There has been no financial scandal during the current govt’s first year, unlike the previous tenure when the media reported one after another scandal, reflecting an improvement in governance, he added.

While speaking about the new financial year, Iqbal said the next fiscal year will remain challenging. He said tax, investment and exports (what he calls TIE) have to go up as the current levels were not sustainable. “The results against these three goals will determine how quickly the government can achieve its overall economic goals.”

During the outgoing fiscal year, the government has missed its targets in these three critical areas. It is going to miss the revenue collection target by Rs225 billion and will collect Rs2.250 trillion in taxes at best, said Dr Ashfaque Hasan Khan, Dean of School of Social Sciences and Humanities of National University of Science and Technology.

Khan criticised the government’s budget-making approach. He said the FBR’s tax target is set after working out the expenditures, which is an incorrect strategy. He said like past six years, the FBR will again miss next year’s proposed target of Rs2.810 trillion and will collect Rs2.630 trillion at best.

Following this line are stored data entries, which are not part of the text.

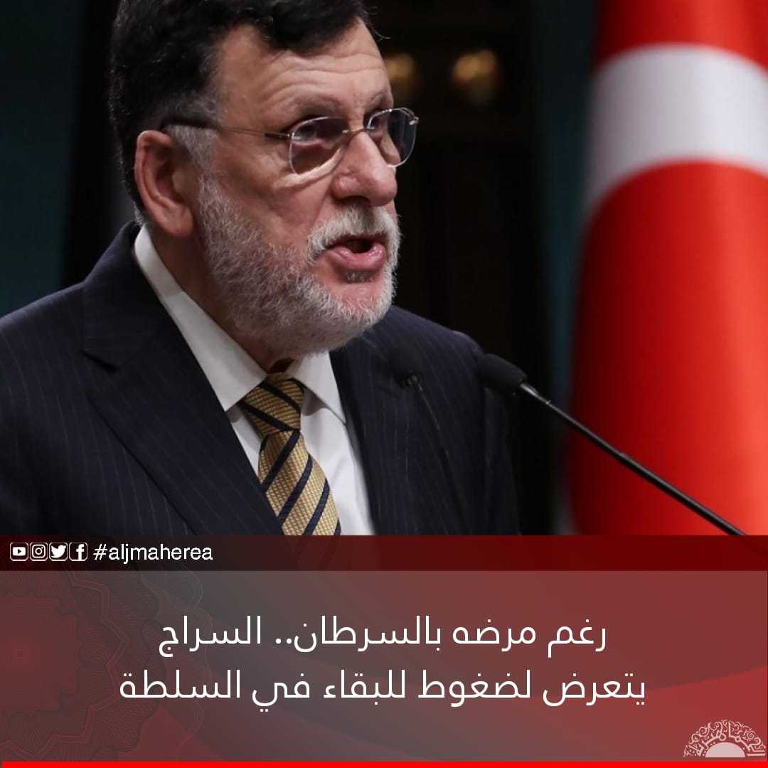 أكدت مصادر مطلعة أن رئيس المجلس الرئاسي غير الشرعي فايز السراج، يتعرض لضغوط داخلية وخارجية للبقاء في السطة على الرغم من إصابته بمرض السرطان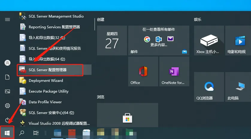 35.点击桌面左下角的开始菜单,然后找到并打开【SQL Server配置管理器】。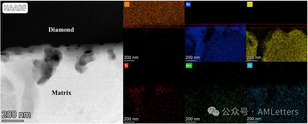 图15. NiCu合金基体与金刚石界面处的HAADF-STEM图像及相应的元素分布图。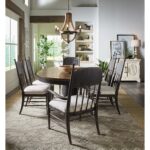 Finish: The Americana Molasses finish captures the essence of a well-loved heirloom, passed down through generations. The deep, dark tone over cathedral oak veneers add warmth, while the variations in color reveal the natural beauty of the wood beneath. The back of the arm chair is significantly more distressed with more rub-through than the side chair representing the usage over time and wear from gracious hosts.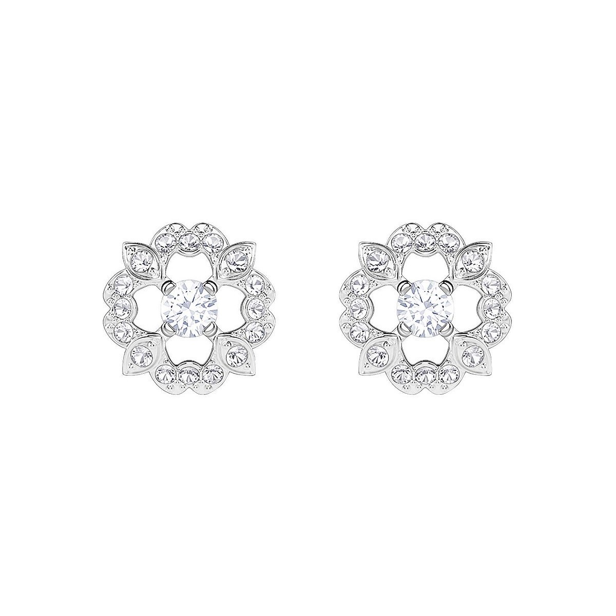 Woman earrings, a lobe, flower motif with central crystal and nailed fastening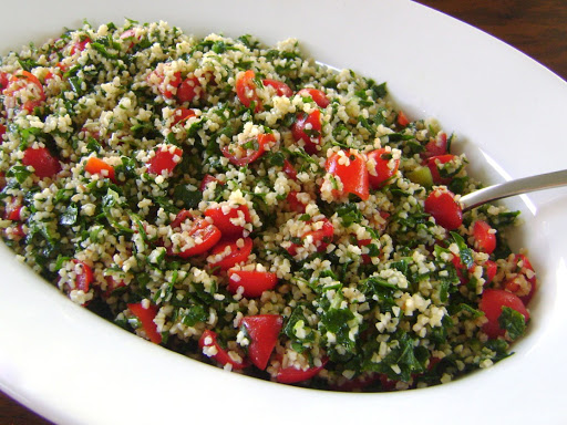 Add parsley, mint, oil, lemon juice and tomato. Mix thoroughly, adding more lemon juice if necessary to give a tart flavour.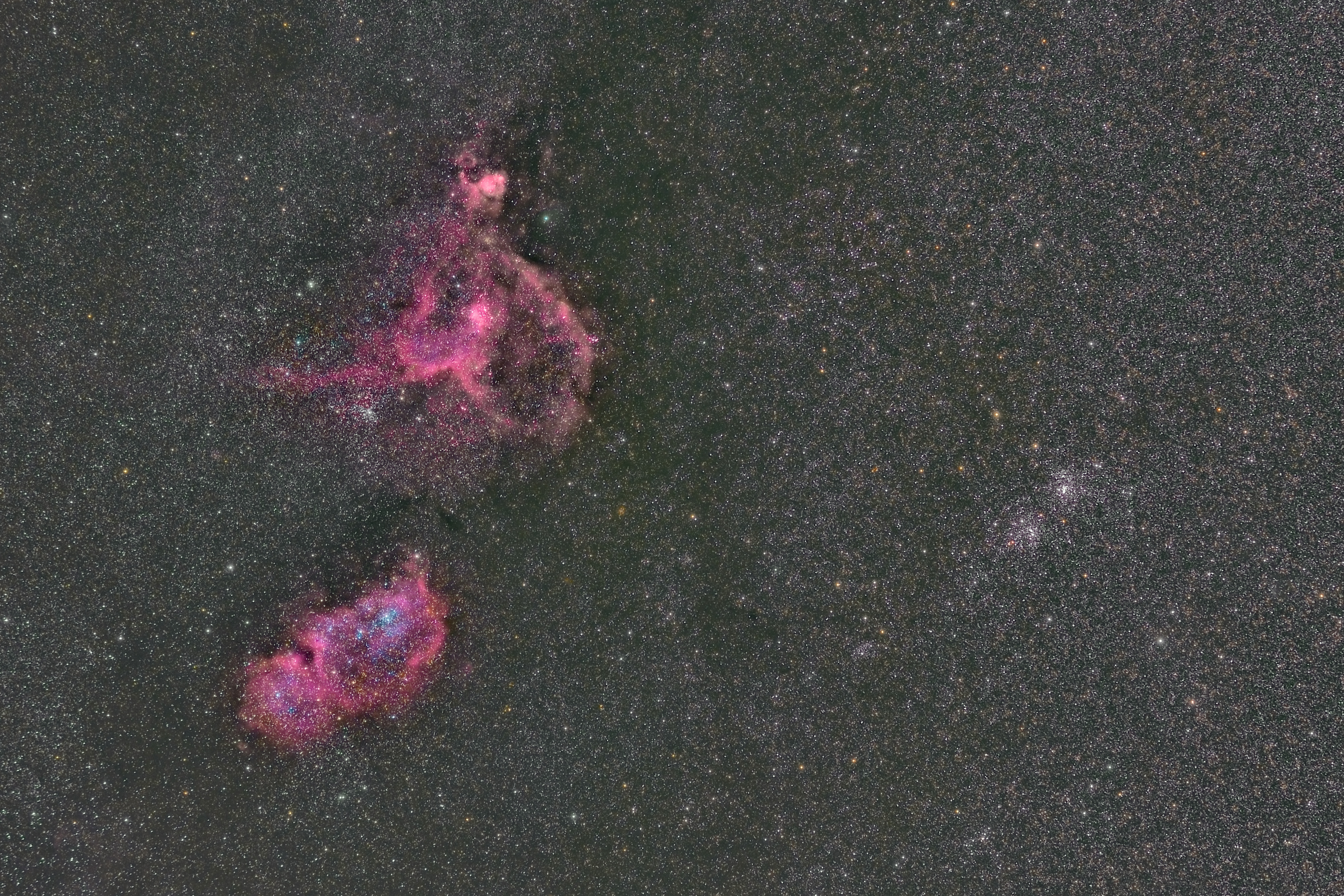 Beim Experimentieren mit Optiken hoher Lichtstärke komme ich zur erstaunlichen Erkenntnis, dass man damit kaum tiefer belichten kann, als mit deutlich schlechterem Öffnungsverhältnis. Beispielhaft sei hier dieses Foto des Herz- und Seelennebels gezeigt, das 30 Aufnahmen zu je vier Minuten mit f/2,8 vereint. In der Bildbearbeitung lässt sich dabei auch nicht mehr herausholen, als bei einer Aufnahmeserie bei f/5,6. Offenbar tritt irgendwo ein Sättigungseffekt ein, dessen Ursache vielleicht einer der Leser erklären kann?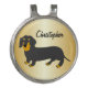 Golf ball marker hat clip dachshund design that you can customise with the name of your dog. Should you require any help with customising then please contact us through the link on this page. Dachshund design personalised golf ball marker hat clip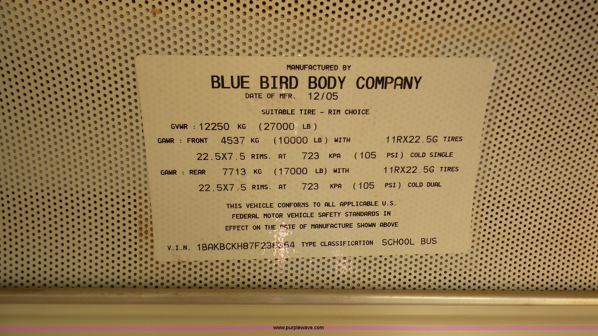 Purple Wave is selling a used Bus in Kansas. This item is a 2007 Blue Bird Vision school bus with the following: 179,237 miles on odometer, 6,625 hours on meter, Caterpillar C7 7.2L L6 diesel engine, Automatic transmission, Single axle, Heat, AM/FM, Air suspension seat, 42 passenger capacity, Ceiling, rear, and side emergency egress, Spring suspension, Hydraulic brakes, 192" wheelbase, 11R22.5 tires, GVWR 12,250 lbs, Weak battery, Unit# 5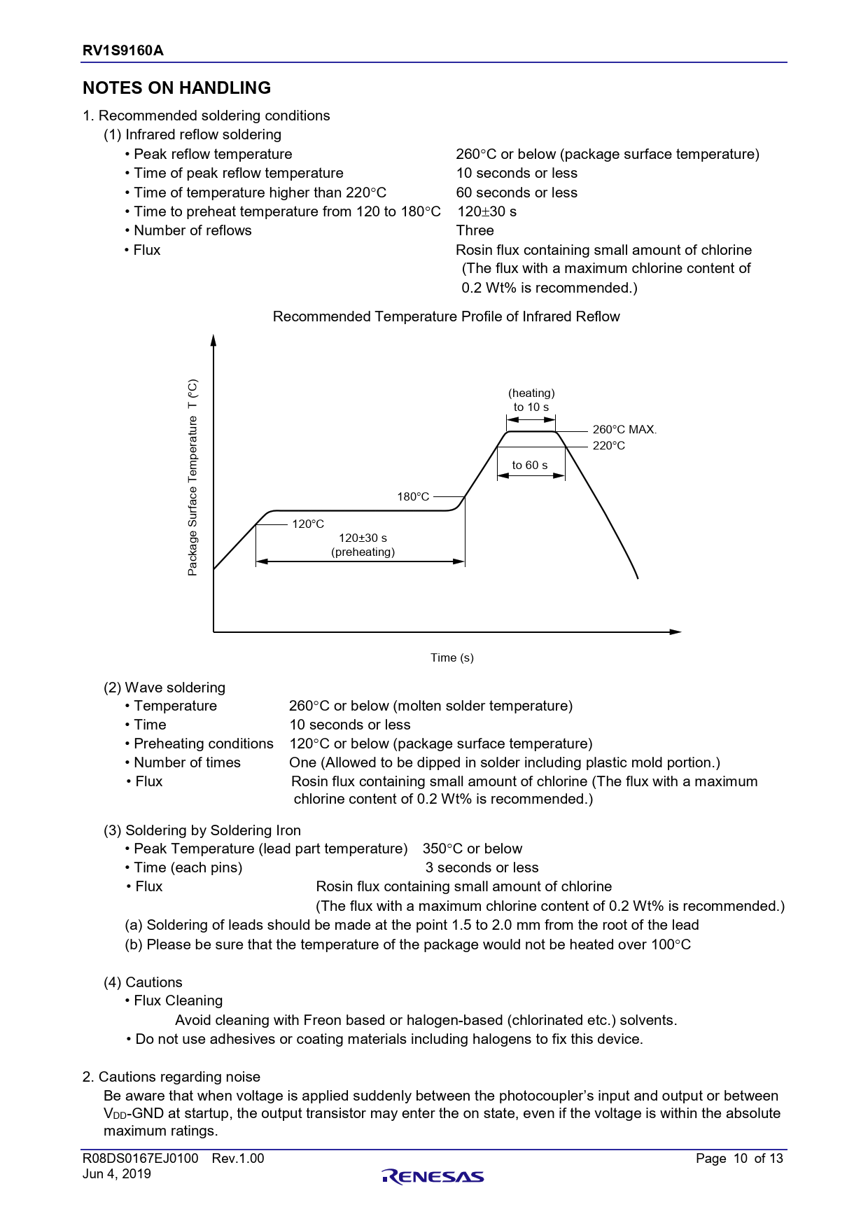 页数 / 页14 / 10 — RV1S9160A. 章題. NOTES. ON. HANDLING. 1. Recommended. soldering. …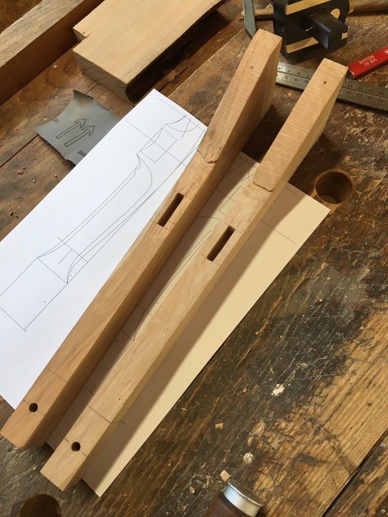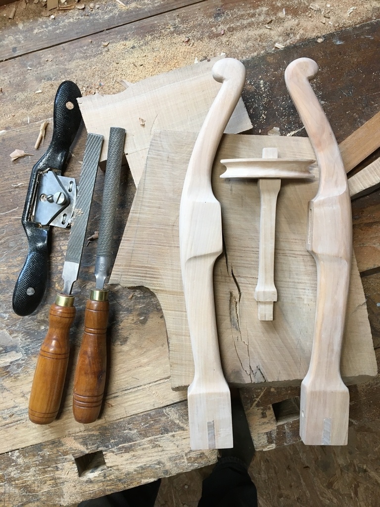 Ça commence par le choix du bois, j’ai opté pour du poirier et du prunier pour les poignées. C’est dur, homogène et esthétique ce qui ne gâte rien. Les fibres doivent suivre la courbure des bras pour la solidité.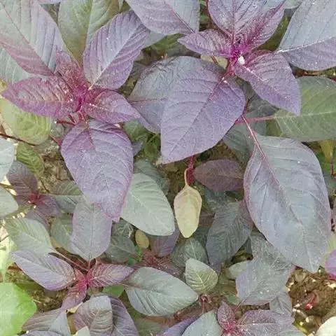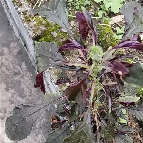 一年生草本,高80-150厘米;茎粗壮,绿色或红色,常分枝,幼时有毛或无毛。 苋 叶片卵形、菱状卵形或披针形,长4-10厘米,宽2-7厘米,绿色或常成红色,紫色或黄色,或部分绿色加杂其他颜色,顶端圆钝或尖凹,具凸尖,基部楔形,全缘或波状缘,无毛;叶柄长2-6厘米,绿色或红色。花簇腋生,直到下部叶,或同时具顶生花簇,成下垂的穗状花序; 花簇球形,直径5-15毫米,雄花和雌花混生;苞片及小苞片卵状披针形,长2.5-3毫米,透明,顶端有1长芒尖,背面具1绿色或红色隆起中脉;花被片矩圆形,长3-4毫米,绿色或黄绿色,顶端有1长芒尖,背面具1绿色或紫色隆起中脉;雄蕊比花被片长或短。胞果卵状矩圆形,长2-2.5毫米,环状横裂,包裹在宿存花被片内。种子近圆形或倒卵形,直径约1毫米,黑色或黑棕色,边缘钝。花期5-8月,果期7-9月。

The investment has also fallen short of target and the exports too will remain below the target of $26.6 billion.

The country’s renowned economist and former finance minister Dr Hafiz Pasha urged the government to come out of the mindset of extreme stabilisation and shift to revival of the economy. “Let the economy breathe, for God’s sake,” said Dr Pasha who is critical of the government’s over-emphasis on fiscal consolidation.

He said the government should give relief in the budget, and stipend under the Benazir Income Support Programme should be linked with the wheat-price index. He proposed the government to increase monthly stipend to Rs1,500 from the current Rs1,200 per month.

Dr Pasha also urged the government to freeze the increase in power tariffs as electricity prices were becoming counterproductive. He also called the budget makers to get rid of the monster of withholding tax regime, which is being used as the main source of revenue generation.

He urged the government to lessen the taxation burden of the industries and shift the focus to services and agriculture sectors.

Dr Pasha said the size of the services sector is Rs12 trillion but its contribution to taxes is only Rs400 billion. He said the agriculture sector amounts to Rs4 trillion and its contribution to the taxes is a meager Rs1 billion.

He also asked the government to re-prioritise spending besides improving the quality of spending.

He said it was not the right time to initiate Rs1.4 trillion new schemes as the government already has a portfolio of Rs4.4 trillion. Dr Pasha said the planning process has broken down in the country.

Responding to Dr Pasha’s views, Iqbal said the Ministry of Planning will gradually gain its role in economic policymaking.

Published in The Express Tribune, May 31st, 2014.